Monday, July 12. 2010
The case of the missing tiff plugin
As a little background to this post, during the course of a recent client project involving image manipulation, I wrote some code to handle images in the tiff format. I used the Java Advanced Imaging (JAI) library's ImageIO class, which made reading from the image file super easy through the use of ImageIO.read(File) which automatically determines the file format based on the extension and performs the file read internally, returning a fully usable BufferedImage object. It really makes reading data from an image super easy, and I highly recommend using it.
While working on the project I needed to write a simple utility to count the number of unique colors in an image and print out how many pixels in the image were that color (useful for debugging the main application). Its a really simple Java program that loops through the image, incrementing the count in a hash map of color values to pixel counts. I copy/pasted the image reading code from the main program, and was surprised to see the test program start generating errors stating that the tiff file could not be read as there was no image reader associated with the tiff file format. Lacking a tiff reader is really surprising because this test utility is just another class file within the same eclipse project as the main application, and therefore has the same class path. Both the jai_core.jar and the jai_codec.jar (the two jars that make up the JAI library) are on the project's class path, so there should be no reason that one java file would have access to them, but another java file does not.

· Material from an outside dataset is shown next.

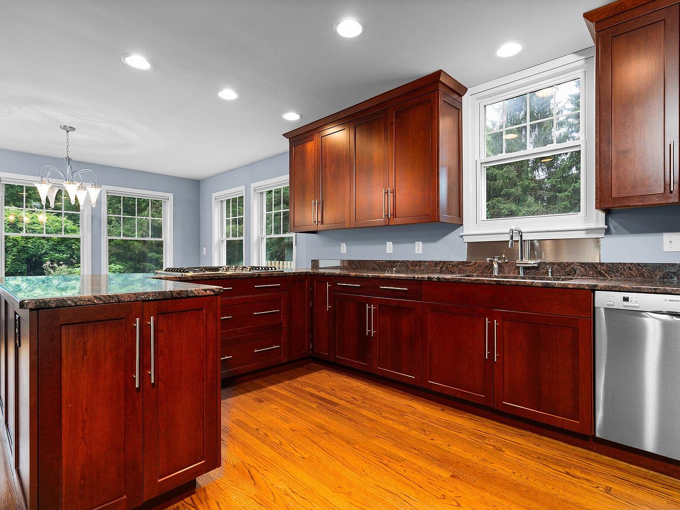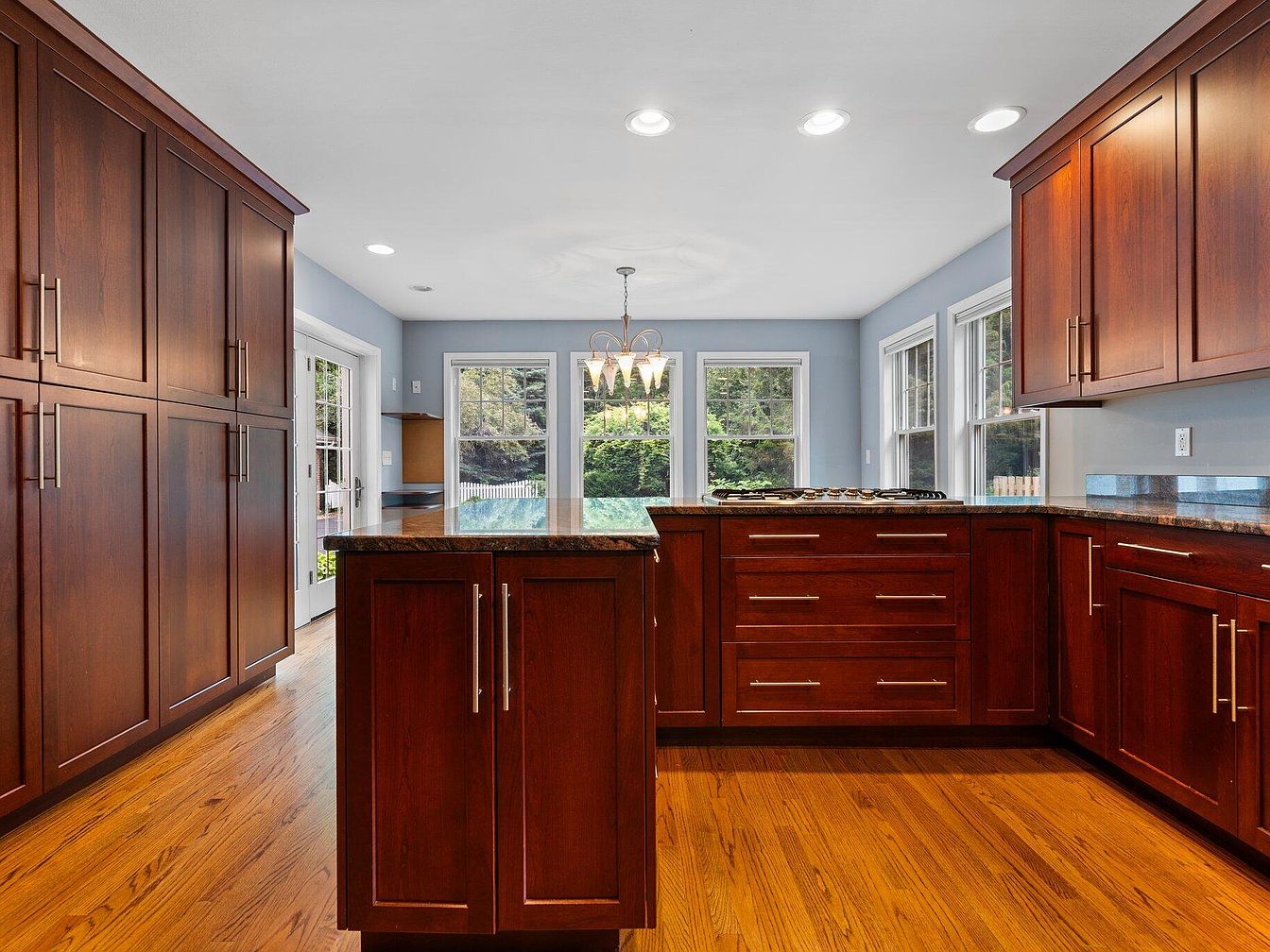 The kitchen features rich, cherry wood cabinetry paired with a dark, polished granite countertop. A large central island provides additional workspace and storage, illuminated by recessed lighting along the ceiling. The wall color is a soft blue, enhancing the overall warmth of the wood tones and contrasting beautifully with the stunning dark countertop. Natural light floods the space through multiple windows, showcasing a view of the lush greenery outside. Stainless steel appliances add a modern touch, integrating seamlessly with the overall classic aesthetic. The combination of materials creates an inviting and functional cooking environment.

It turns out this was also a problem for gif and jpeg images in versions past, as evidenced by this FAQ question on the JAI home page:
On Solaris, Java Advanced Imaging complains about lack of access to an X server.
Java Advanced Imaging versions previous to JAI 1.1.1 used the AWT toolkit to load GIF and JPEG files. This problem is a manifestation of a JDK bug in which creation of the AWT Toolkit class results in an attempt to open the X display. To work around this problem in Java Advanced Imaging versions prior to 1.1.1, either make an X display available to the Java runtime using the DISPLAY environment variable (no windows will appear on the display), or consider running a dummy X server that will satisfy the AWT, such as the Xvfb utility included with the X11R6.4 distribution.In the JAI 1.1.1 version, the GIF and JPEG decoders were improved to no longer have a dependency on the X server.
The answer it turns out is that my simple utility does not set up the AWT windowing system (since I wrote it as a CLI utilizing System.in) and therefore does not end up loading the tiff image reader plugin because of this fact. It turns out that in order to utilize the tiff reader plugin from the JAI library your code must perform at least one of the following calls:
- Instantiate a JFrame
- Call Toolkit.getDefaultToolkit()
- Call Application.getApplication() (Mac OS X java extension)
While I still don't know the exact nature of the behavior, all evidence points to the fact that in a java program that needs to utilize the tiff image reader, you must set up the AWT windowing system in some manner. Even if your program (like my test utility) doesn't need to create a window or deal with the windowing system in any fashion, you must do one of the above methods in order to correctly register the tiff reader.